* **Your objective**: Give back the lines of the entries below exactly as written, from the first line to the line holding "8月10日广东铜现货市场各时段升贴水(第二时段10:00)【SMM价格】", both included, with the pictures omitted.

* **Data under study**:
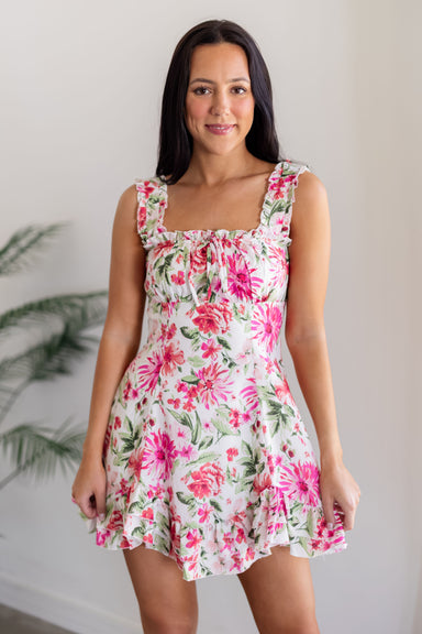 Twirl around in the "Cameron Dress!" We love the effortlessly chic fall details that this dress has to offer! It features a neutral base with daint...
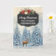 God jul för stepbroderkort med land-kritan mönster och snöfärgsskog med hjort och fåglar.
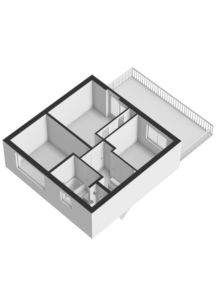 Op de eerste verdieping vind je drie slaapkamers (waarvan één met balkon) en een moderne badkamer. De tweede verdieping verrast met een vierde slaapkamer, voorzien van een dakopbouw – ideaal als werk-, logeer- of tienerkamer.
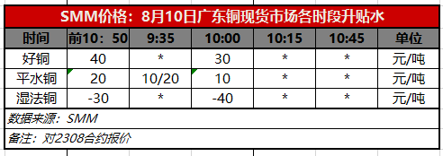 8月10日广东铜现货市场各时段升贴水(第二时段10:00)【SMM价格】
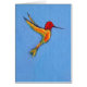 Hummingbird geschilderd in tropische kleuren op een hemelblauwe achtergrond.
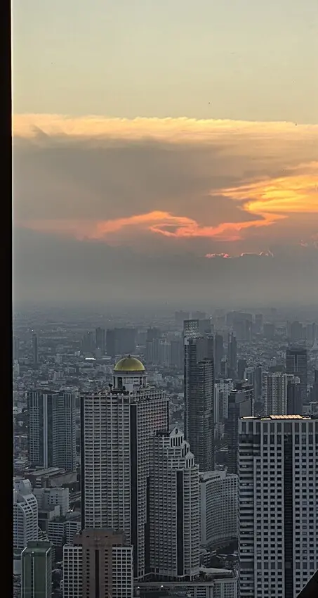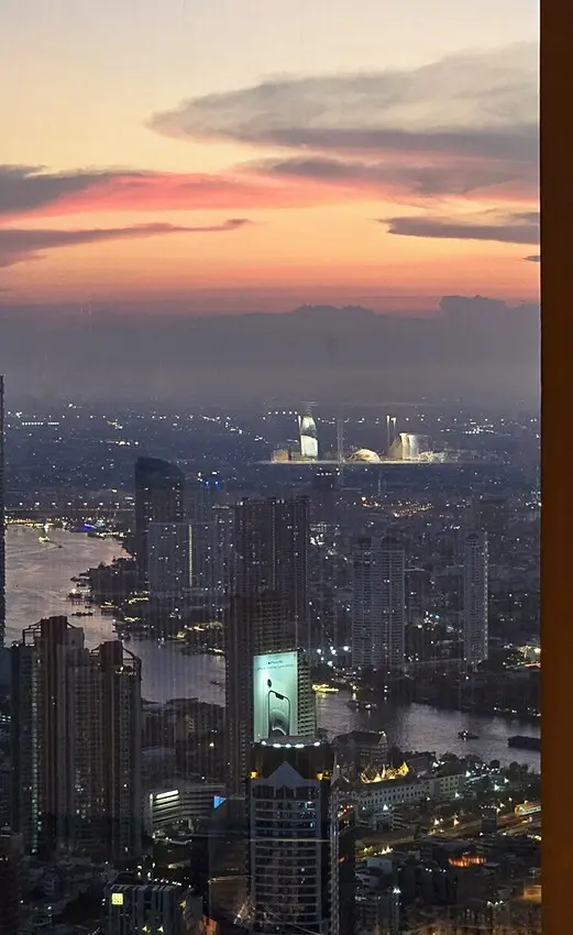 隨著逐漸變暗的天色,天空也露出不一樣的調色盤,都市間的燈光也漸漸亮起,當下的美,一定要由你自身來感受囉!Ojo Bangkok官方網站預約

* **Response below**:
 Twirl around in the "Cameron Dress!" We love the effortlessly chic fall details that this dress has to offer! It features a neutral base with daint...
 God jul för stepbroderkort med land-kritan mönster och snöfärgsskog med hjort och fåglar.
 Op de eerste verdieping vind je drie slaapkamers (waarvan één met balkon) en een moderne badkamer. De tweede verdieping verrast met een vierde slaapkamer, voorzien van een dakopbouw – ideaal als werk-, logeer- of tienerkamer.
 8月10日广东铜现货市场各时段升贴水(第二时段10:00)【SMM价格】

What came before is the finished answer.